DAOs (Decentralized Autonomous Organizations) are organizations represented by rules coded as a transparent computer program, controlled by the members of the organization and not influenced by a central government.
Because these rules are embedded in the code, no managers are needed, eliminating all bureaucratic and hierarchical hurdles. “Decentralized autonomous organizations” or DAOs represent exactly what they are called; they are:
- decentralized, so the rules cannot be changed by anyone person or central party;
- autonomous, so they operate based on logic written into a smart contract, without human intervention. They remain functional as long as the underlying blockchain is functioning;
- Organizations or entities that coordinate activities among a distributed community of stakeholders – for example, developers and users on a particular blockchain network.
DAOs are examples of what is referred to as “on-chain governance.” In traditional corporate governance, for example, companies have bylaws that dictate certain policies, such as the election of a board of directors. A DAO extends this concept into the digital world by encoding bylaws into smart contracts.

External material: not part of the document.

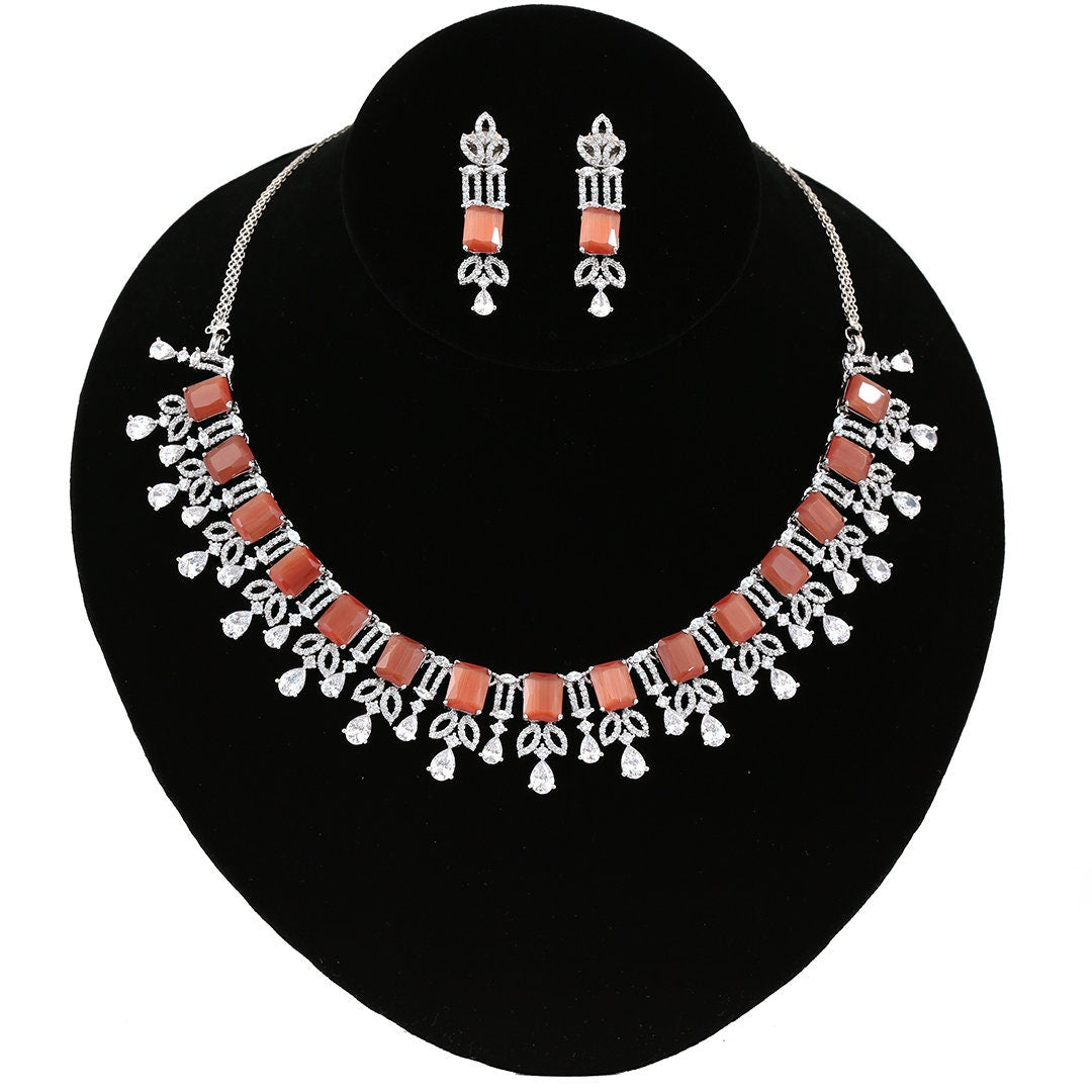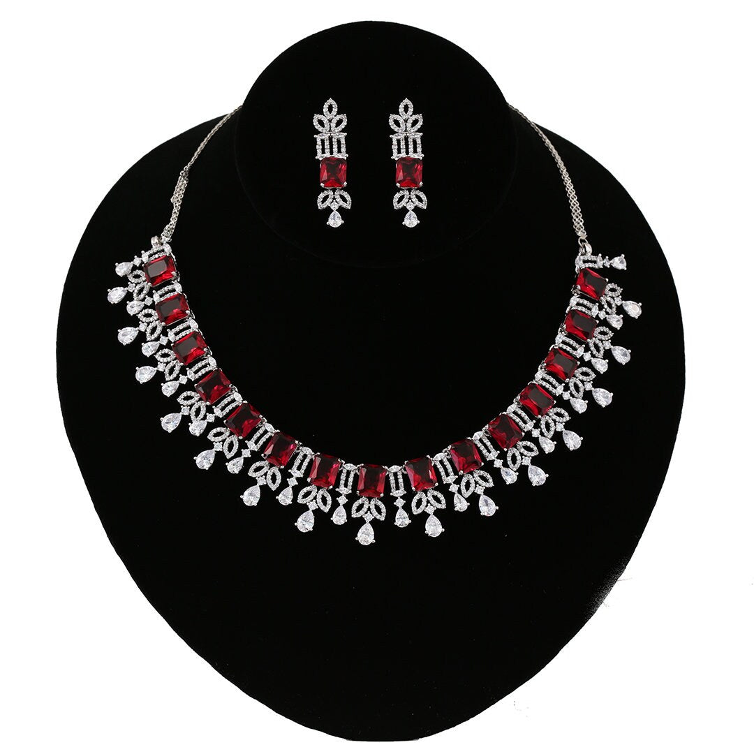 Emerald Cut AD American Diamonds Rhodium Plated Bridal Wedding Accessories|High Quality Fashion Jewelry

Bitcoin is generally considered the first fully functioning DAO because it has programmed rules, operates autonomously and is coordinated through a consensual protocol. The explosion of decentralized finance (DeFi) in 2020 has led to a renewed interest in DAOs: To date, DAOs have been used for many purposes, such as investing, charity, fundraising, borrowing, or buying NFTs, all without an intermediary. A DAO, for example, accepts donations from anyone around the world and members can decide how to spend the donations.